● Work instructions
The records that follow are to be repeated exactly, with the pictures removed.

● The data
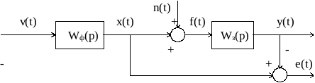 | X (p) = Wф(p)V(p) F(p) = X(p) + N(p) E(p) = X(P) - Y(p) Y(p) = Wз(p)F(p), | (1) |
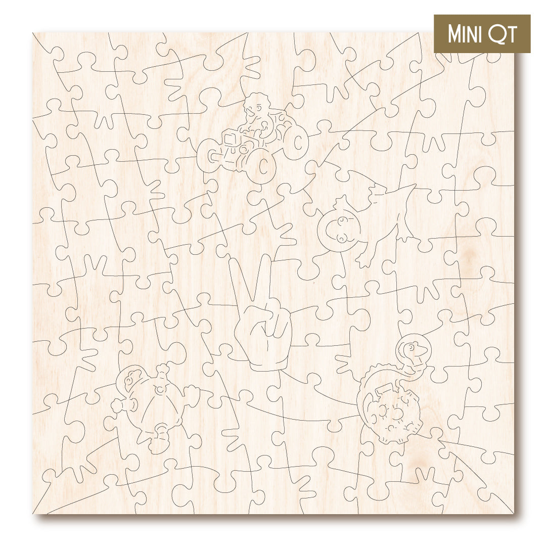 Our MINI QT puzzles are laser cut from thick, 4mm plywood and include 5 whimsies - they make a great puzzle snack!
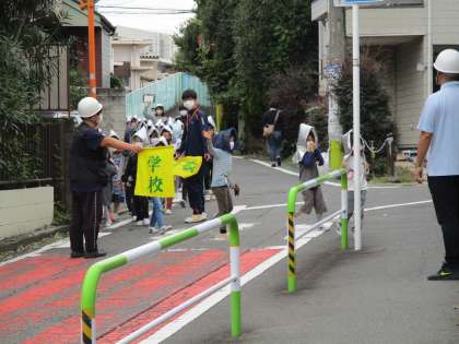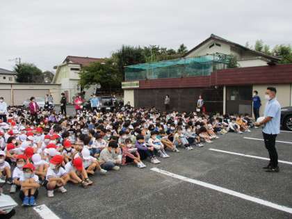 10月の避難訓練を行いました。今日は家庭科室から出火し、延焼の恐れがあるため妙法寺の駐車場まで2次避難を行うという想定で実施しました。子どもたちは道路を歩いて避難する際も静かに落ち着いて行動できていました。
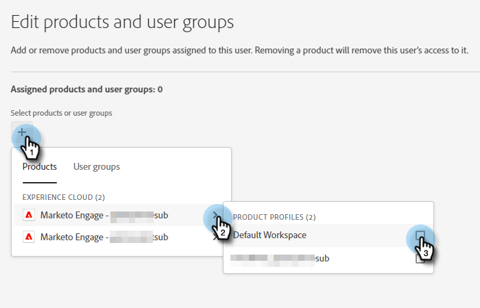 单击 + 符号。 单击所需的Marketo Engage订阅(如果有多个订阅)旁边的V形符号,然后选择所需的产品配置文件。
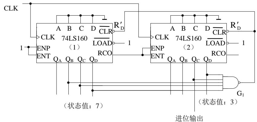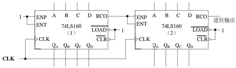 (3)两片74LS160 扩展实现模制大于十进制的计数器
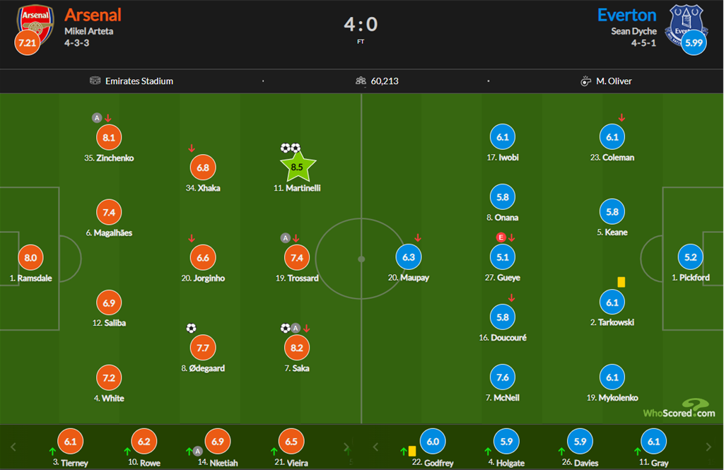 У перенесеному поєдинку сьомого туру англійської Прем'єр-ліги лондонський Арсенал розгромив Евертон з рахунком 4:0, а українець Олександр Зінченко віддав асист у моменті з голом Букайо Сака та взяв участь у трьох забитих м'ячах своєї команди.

● Expected answer
 | X (p) = Wф(p)V(p) F(p) = X(p) + N(p) E(p) = X(P) - Y(p) Y(p) = Wз(p)F(p), | (1) |
 Our MINI QT puzzles are laser cut from thick, 4mm plywood and include 5 whimsies - they make a great puzzle snack!
 10月の避難訓練を行いました。今日は家庭科室から出火し、延焼の恐れがあるため妙法寺の駐車場まで2次避難を行うという想定で実施しました。子どもたちは道路を歩いて避難する際も静かに落ち着いて行動できていました。
 单击 + 符号。 单击所需的Marketo Engage订阅(如果有多个订阅)旁边的V形符号,然后选择所需的产品配置文件。
 (3)两片74LS160 扩展实现模制大于十进制的计数器
 У перенесеному поєдинку сьомого туру англійської Прем'єр-ліги лондонський Арсенал розгромив Евертон з рахунком 4:0, а українець Олександр Зінченко віддав асист у моменті з голом Букайо Сака та взяв участь у трьох забитих м'ячах своєї команди.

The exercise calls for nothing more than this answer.